An estimated one-third of the population suffers from
anxiety, depression or post-traumatic stress. Annual
per capita income is $190 (£100). Average life
expectancy is 44.5 years. Its education system is now
"the worst in the world".
These are just a few of the findings contained in a
United Nations Development Programme report on
Afghanistan published this week.
More than three years after the US and Britain
declared victory in Kabul and promised to rebuild the
country, it paints a disturbing portrait of "a fragile
nation still at odds if no longer at war with itself
that could easily slip back into chaos and abject
poverty".
Not all is gloom. The report says Afghanistan's
economy has expanded significantly since 2001. Nearly
55% of primary-age children are now in school.
About 2.4 million refugees have returned from Pakistan
and Iran. The new constitution guarantees equal rights
for women. And a democratically elected president
holds office, although "factional elements" with their
own militias still control much of the country.
Afghanistan's woes long predate the US war against the
Taliban, stretching back to the 1979 Soviet invasion.
But this present-day audit dramatically demonstrates
the daunting scale of the reconstruction effort to
which the west has pledged itself.
In one respect, Afghanistan is fortunate. Despite
problems over merging US and Nato forces, the
deployment of "provincial reconstruction teams",
squandered aid and a booming heroin trade, a
reasonably coherent and agreed long-term international
strategy for Afghanistan does actually exist.

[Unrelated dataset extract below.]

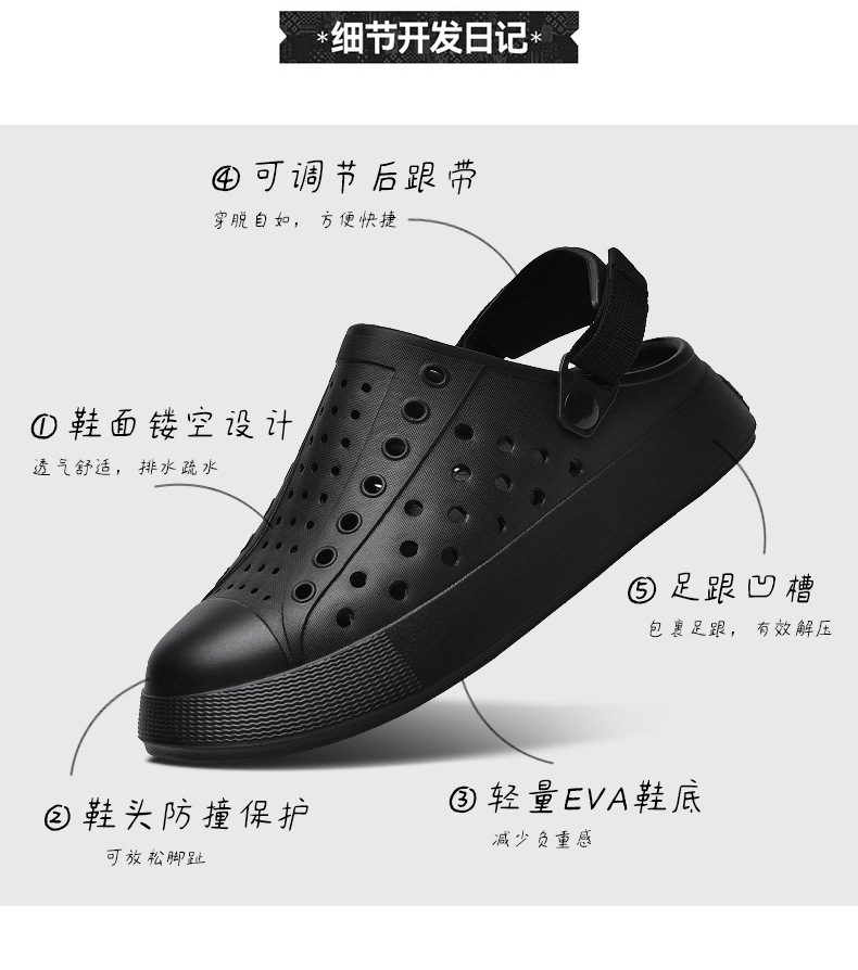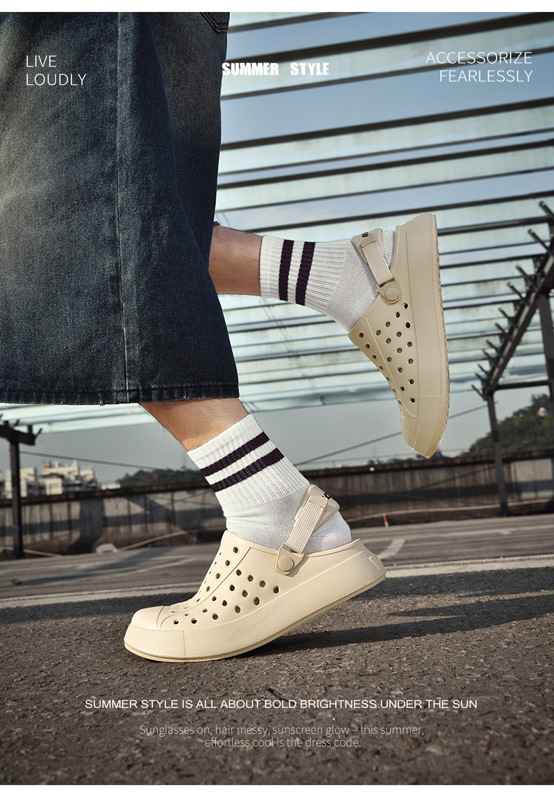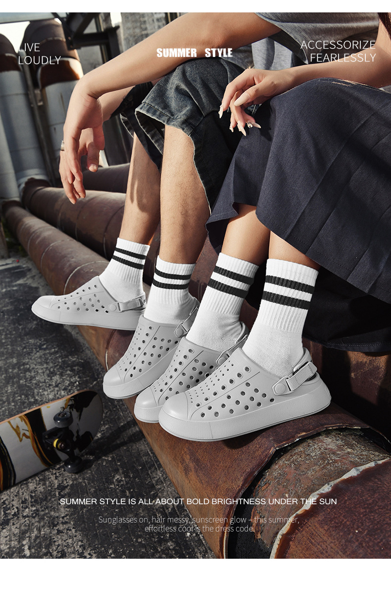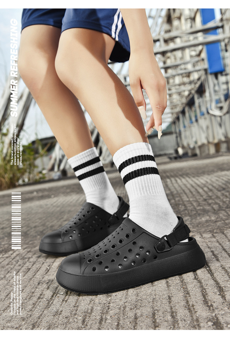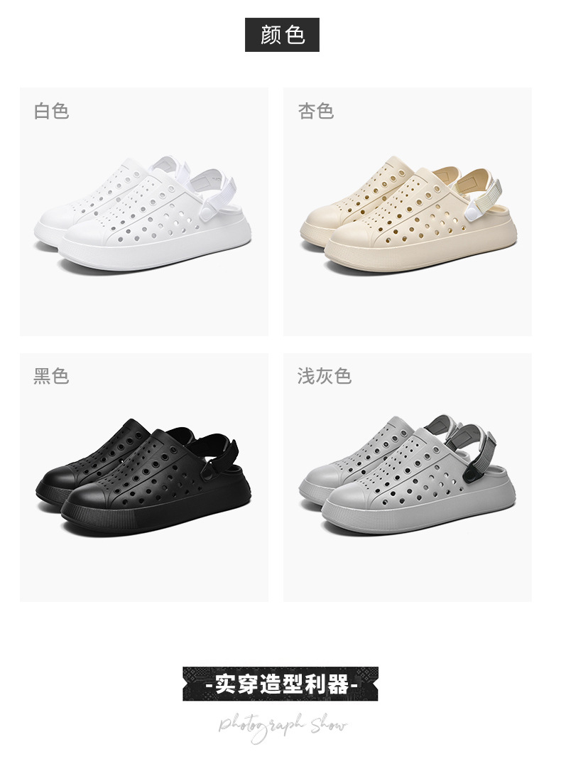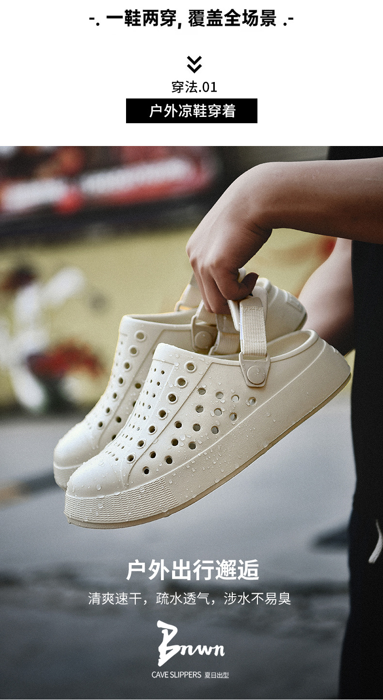 대형 구멍 두꺼운 바닥 구멍 신발 남성과 여성의 속이 빈 미끄럼 방지 여름 커플 Baotou 겉옷 샌들과 슬리퍼 비치 슈즈 도매

This is not usually the case elsewhere. For the UN's
findings also indirectly illustrate a more fundamental
dilemma facing other so-called transitional states
such as Iraq, Palestine, East Timor, Kosovo and Haiti
as well as less extreme cases like Ukraine.
While the international community's appetite for
transformational nation-building, stimulated by
President George Bush's crusade for global freedom,
shows no sign of satiation, it habitually bites off
more than it can chew.
Now the growing institutional rivalry between the US
and Europe, not dispelled by this week's Brussels
summitry, is in danger of further undermining
collective efforts.
The minimalist Nato agreement on military and police
training in Iraq, with France grudgingly agreeing to
contribute one mid-level headquarters officer, gave
the lie to claims that Euro-Atlantic war wounds have
healed. Five leading EU countries still refuse point
blank to let their soldiers set foot in Iraq.
The EU decision to launch a civilian training mission
in Baghdad only served as a reminder of Europe's
rising ambition to act as an independent international
player.
Europe's use of trade incentives with Iran and Syria,
on which the US has imposed trade sanctions, and its
attempts to engage North Korea also exemplify this
diverging diplomatic and philosophical approach.
It is these structural problems that Gerhard Schröder
addressed in his recent speech on facilitating the
Euro-Atlantic dialogue. The German chancellor's call
for "a strong European pillar" with equal
responsibilities was interpreted as widening the
transatlantic divide.
In fact his speech was a timely if clumsy attempt to
close the gap by building more coherent joint
platforms for managing the growing list of
nation-building and aid projects which, if Mr Bush has
his way, could one day include Zimbabwe, Sudan, North
Korea, Burma and Belarus.
The US and Europe must work together more effectively,
Mr Schröder said. "We should focus with determination
on adapting our cooperation structures to changed
conditions and challenges.
"We need a strong multilateral system which provides a
reliable framework for solidarity and guarantees good
global governance." If that upset existing hierarchies
such as Nato, he seemed to say, well, tough.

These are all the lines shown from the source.